Now I'm working with all caps so I don't have any descenders, but Illustrator goes ahead and invents descenders in its mind. So if you want to tighten things up here, you need to bring back transform by clicking on its eyeball, once again, in order to turn it on. Then, click on the word Transform in order to bring it up on-screen. And we'll still scale the pattern by 75%, let's say. We'll see if that works. But I'm going to decrease the Vertical Move value. Because when you reduce the Vertical Move value, you move things upward. When you increase the value, you move stuff downward.
Anyway, I'll go ahead and turn on the Preview check box so I can see what I'm doing. Then, I'll click inside the vertical value and I'll press shift + down arrow until I move that gradient all the way to the top of the letters and you can see that we now have a lot less darkness down at the bottom of these characters. What if you want to flip it? That is to say, you don't want the gradient to extend from top to the bottom. You want it to extend from the bottom to the top. Then, you just go ahead and turn on the Reflect Y check box right here. In which case you're going to have to increase the vertical value and I'm just going to take that negative sign in front of 50 points and press the backspace key and then press the tab key in order to assign a Vertical Move value of positive 50 points.
You can also use the rotate value here. In order to change the direction of that gradient. So, in other words, instead of having a go from bottom to top, we want it to go side to side, so I'll change the Angle value to 90 degrees and we will see we end up with. This is something of a mess of course as you can see here, so we'd have to increase the horizontal and vertical values in order to spread the gradient across the letters. Make some other modifications as well. Anyway, I like things the way they were just a moment ago with an Angle value of zero degrees, so I'll go ahead and click OK.

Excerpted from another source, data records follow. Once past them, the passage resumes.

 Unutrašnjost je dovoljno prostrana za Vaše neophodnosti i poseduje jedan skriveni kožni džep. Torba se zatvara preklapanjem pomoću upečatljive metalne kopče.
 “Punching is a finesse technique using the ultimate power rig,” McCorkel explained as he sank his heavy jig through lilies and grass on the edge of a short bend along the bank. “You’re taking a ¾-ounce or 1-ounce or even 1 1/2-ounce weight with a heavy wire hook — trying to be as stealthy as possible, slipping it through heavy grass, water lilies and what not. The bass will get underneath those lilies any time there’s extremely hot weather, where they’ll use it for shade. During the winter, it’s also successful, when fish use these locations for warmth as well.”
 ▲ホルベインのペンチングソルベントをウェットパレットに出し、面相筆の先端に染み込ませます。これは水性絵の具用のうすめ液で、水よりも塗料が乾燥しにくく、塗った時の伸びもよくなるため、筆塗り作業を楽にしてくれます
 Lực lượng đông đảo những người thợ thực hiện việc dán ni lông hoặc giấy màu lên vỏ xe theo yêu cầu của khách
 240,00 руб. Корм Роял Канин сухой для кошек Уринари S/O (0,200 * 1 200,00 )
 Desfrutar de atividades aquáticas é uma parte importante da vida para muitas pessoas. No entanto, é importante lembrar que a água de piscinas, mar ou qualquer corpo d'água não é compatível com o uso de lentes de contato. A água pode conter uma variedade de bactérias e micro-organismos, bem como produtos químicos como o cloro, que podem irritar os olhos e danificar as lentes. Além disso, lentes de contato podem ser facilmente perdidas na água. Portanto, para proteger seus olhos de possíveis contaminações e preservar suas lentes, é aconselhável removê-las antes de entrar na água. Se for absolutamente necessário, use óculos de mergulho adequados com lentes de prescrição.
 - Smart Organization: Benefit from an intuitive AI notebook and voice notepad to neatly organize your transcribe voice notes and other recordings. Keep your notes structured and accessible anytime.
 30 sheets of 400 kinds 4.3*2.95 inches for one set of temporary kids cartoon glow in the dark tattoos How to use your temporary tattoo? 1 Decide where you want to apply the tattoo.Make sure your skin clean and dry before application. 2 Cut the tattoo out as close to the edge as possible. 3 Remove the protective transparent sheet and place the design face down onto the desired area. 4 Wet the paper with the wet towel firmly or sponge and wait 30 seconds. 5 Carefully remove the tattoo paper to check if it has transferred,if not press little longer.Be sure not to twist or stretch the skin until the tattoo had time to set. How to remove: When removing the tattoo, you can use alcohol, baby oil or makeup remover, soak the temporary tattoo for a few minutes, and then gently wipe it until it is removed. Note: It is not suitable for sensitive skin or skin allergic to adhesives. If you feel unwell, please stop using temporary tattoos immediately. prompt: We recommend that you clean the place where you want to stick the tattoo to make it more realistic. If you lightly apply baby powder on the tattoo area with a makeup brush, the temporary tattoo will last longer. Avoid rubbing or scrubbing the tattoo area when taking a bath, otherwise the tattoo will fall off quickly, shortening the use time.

Now the next swatch assigns a darker gradient. It goes from 50% to 100% so it starts 50% At the top, in our case, because of the transform effect, and extends down to total darkness at the bottom. What if you want an undulating gradient? Why then, you have these undulating options right here. You can either go with Undulating Coarse Dots, which looks like this, or Undulating Fine Dots, which looks like this. I'm going to go with the coarse dots, alright? So I'll click this second to last swatch right there.

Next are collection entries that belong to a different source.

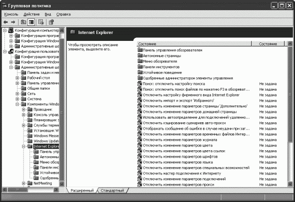 Запретить запрос о сохранении паролей можно в окне настройки групповой политики. Для этого выполните команду Пуск→Выполнить (или воспользуйтесь комбинацией клавиш Windows+R) и в появившемся окне укажите имя файла gpedit.msc – откроется окно Групповая политика. Здесь необходимо перейти в раздел Конфигурация пользователя\Административные шаблоны\Компоненты Windows\Internet Explorer. В данном разделе (рис. 2.1) выберите пункт Запретить автозаполнению сохранение паролей, дважды щелкните на нем кнопкой мыши и в открывшемся окне установите переключатель в положение Включен.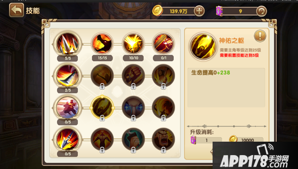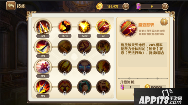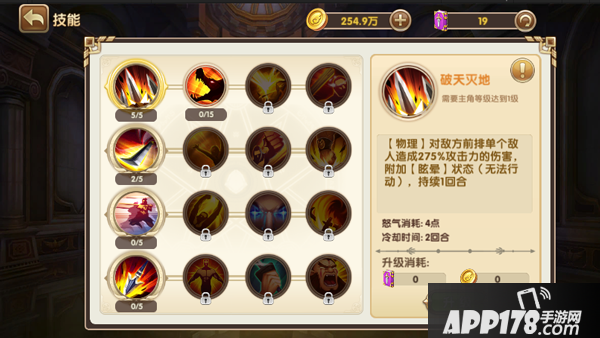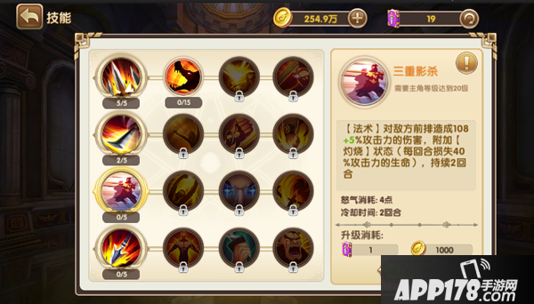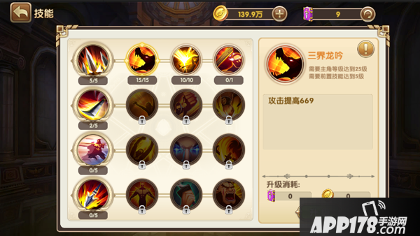 接着来说升级技能要看的第二点,就是前置技能所开启的技能线。在幻世战仙的技能系统里,每一行都是一条独立的技能线,只有开启的前置技能才能升级后面的技能。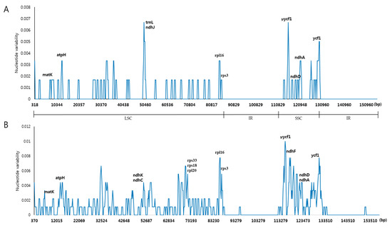 - Kim, K.; Lee, S.C.; Lee, J.; Lee, H.O.; Joh, H.J.; Kim, N.H.; Park, H.S.; Yang, T.J. Comprehensive survey of genetic diversity in chloroplast genomes and 45 s nrDNAs within Panax ginseng species. PLoS ONE 2015, 10, e0117159. [Google Scholar] [CrossRef] [PubMed]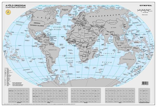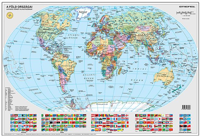 Kaparós Világtérkép, 84x57 cm, STIEFEL, A Föld országai, arany bevonat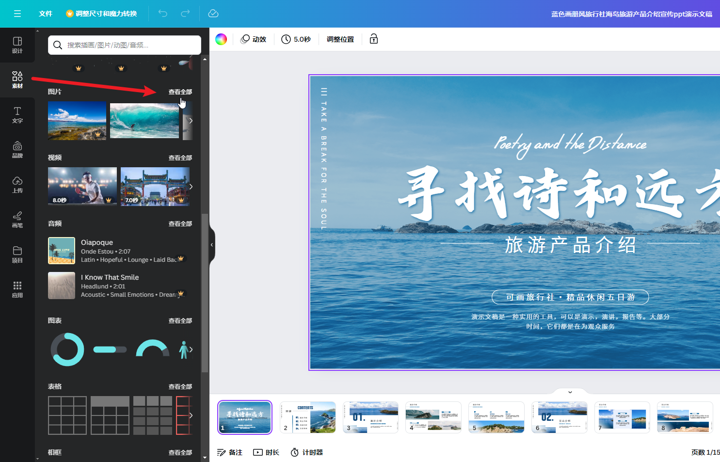 - Magic Design:只需上传一张图片或选择一个主题,AI就能自动生成完整的PPT。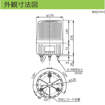 Φ170、直付けタイプ、点滅 / 点灯、超高輝度LED使用。独自の反射構造を採用しているので、側面方向からだけでなく、上方向からの視認性も優れています。点滅速度を本体で簡単に調節できます。本体内蔵のディップスイッチで、点灯または点滅動作の切り替えが可能です。保護特性IP23(正方向取付け時)です。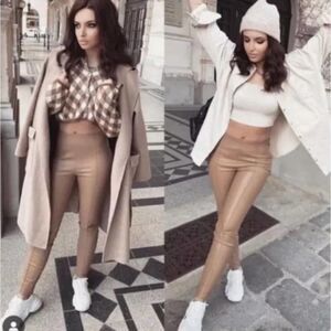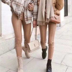 NWT ZARA Bloggers Favorite High Waist Vegan Leather Cigarette Legging in Camel M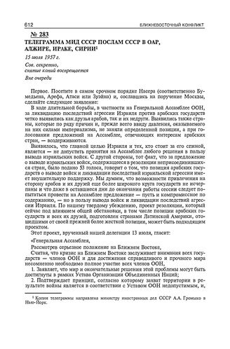 Телеграмма МИД СССР послам СССР в ОАР, Алжире, Ираке, Сирии. 15 июля 1967 г. // АВП РФ. Ф. 059. Оп. 56. П. 117. Д. 523. Л. 75 -79.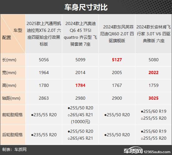 就车身长度而言,从数据来看,英国和菲尼迪 QX60 车身长度占优势,林肯飞行家的车身宽度和轴距优于其他三款车型,奥迪 Q6 在车身高度方面更有优势。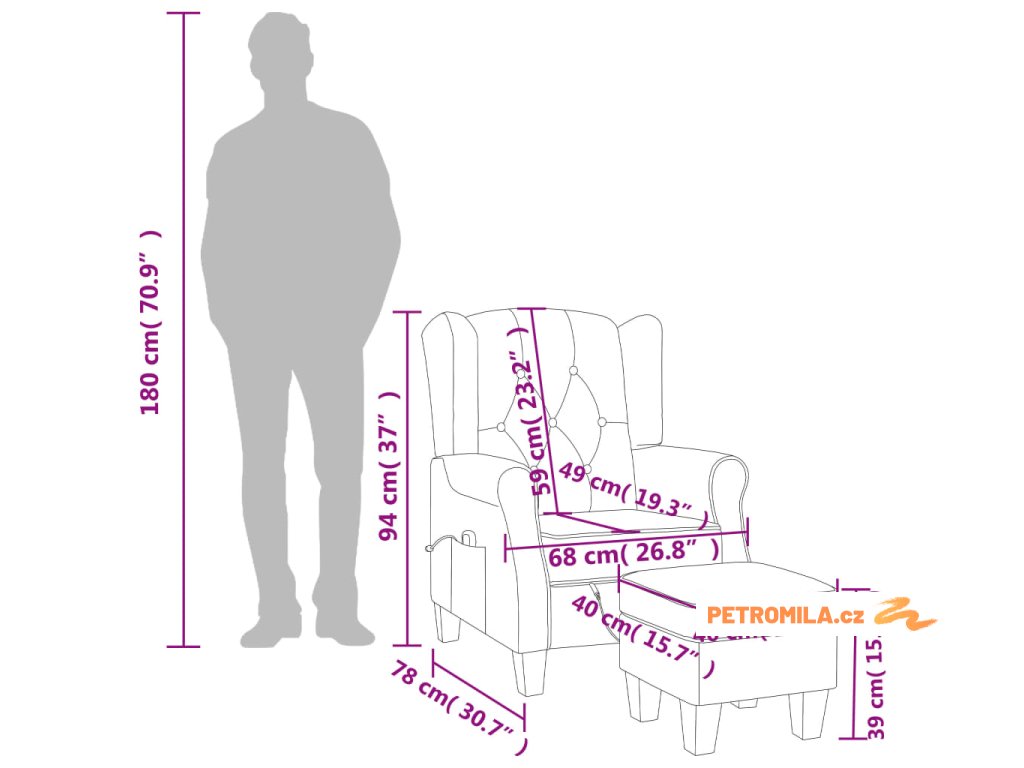 - Rozměry křesla: 68 x 78 x 94 cm (Š x H x V)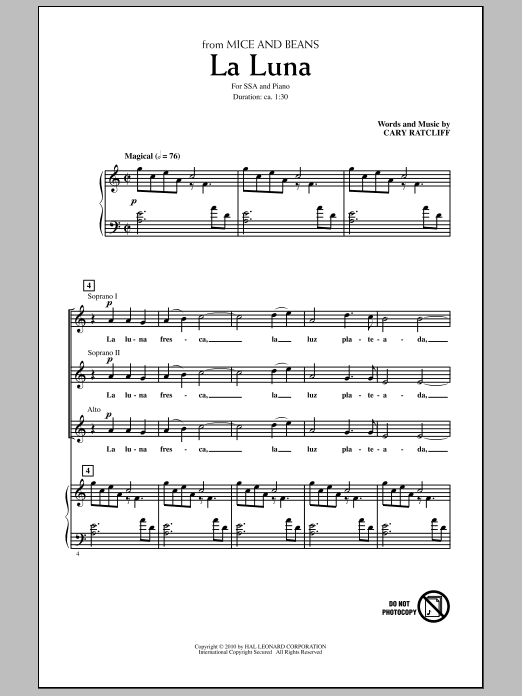 Download or print Cary Ratcliff La Luna sheet music, chords and digital score arranged for SSA Choir. This Spanish score includes 7 page(s).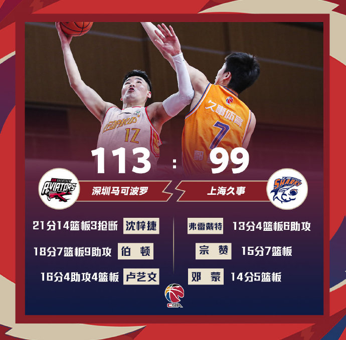 JRS低调看直播4月5日讯 今日CBA常规赛,深圳迎战上海。深圳排名积分榜第8,上海最近遭遇两连败,22胜27负排名积分榜第13。比赛开始,上海首先发力取得6分领先,随后于梁里突外投连续拿分替深圳缩小分差,首节结束时,上海23-22仅领先深圳1分。次节上来,双方比分依旧胶着,上海抓住深圳失误一度领先5分,深圳快速调整后始终紧咬比分不放。易边再战,卢艺文外线爆发连中3记三分,上海进攻效率降低,深圳不断扩大领先优势,三节结束,深圳84-74领先上海10分。末节上来,上海打出一波8-3将分差缩小至只剩5分,但之后深圳里突外投接连得手,一度将分差扩大至16分,比赛随即失去悬念。最终,深圳113-99战胜上海。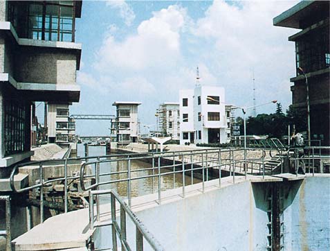 江阴复线船闸,闸室16×98×2.5米,地下连续墙结构,1985年7月开工,1987年9月竣工,质量优良,获省科技进步三等奖。

And then I'll go ahead and hide this floating panel. And of course, that's not really what I want. So I'll go ahead and click on the word Transform under Fill in order to bring up the Transform Effect dialogue box. And we don't really need to reflect the gradient anymore. So I'll turn on the Preview check box just so you can see what I'm talking about. And I'll turn off Reflect Y. Doesn't really make any difference because we were just reflecting things vertically. And this is a horizontal gradient. If you want it to be a vertical gradient though, of course, you can change that angle value to 90 degrees and you end up with this effect here.

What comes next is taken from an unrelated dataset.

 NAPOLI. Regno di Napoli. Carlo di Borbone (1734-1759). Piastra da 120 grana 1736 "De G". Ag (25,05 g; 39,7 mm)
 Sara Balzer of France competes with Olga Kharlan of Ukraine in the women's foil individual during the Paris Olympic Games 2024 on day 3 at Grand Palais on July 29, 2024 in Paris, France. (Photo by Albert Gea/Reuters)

All right. That's not what I'm looking for though. So I'll change this back to zero degrees and I'll increase the Horizontal scale value to 200% and that gives me these elliptical dots as opposed to circular ones because the Vertical value is still set to 75%. So don't we take care of that by changing the Vertical value to 200% as well, and we end up with this effect here. I'll go ahead and click OK in order to accept that change. And that, friends, is how you assign and modify one of the five custom gradient dot patterns that ships along with Illustrator.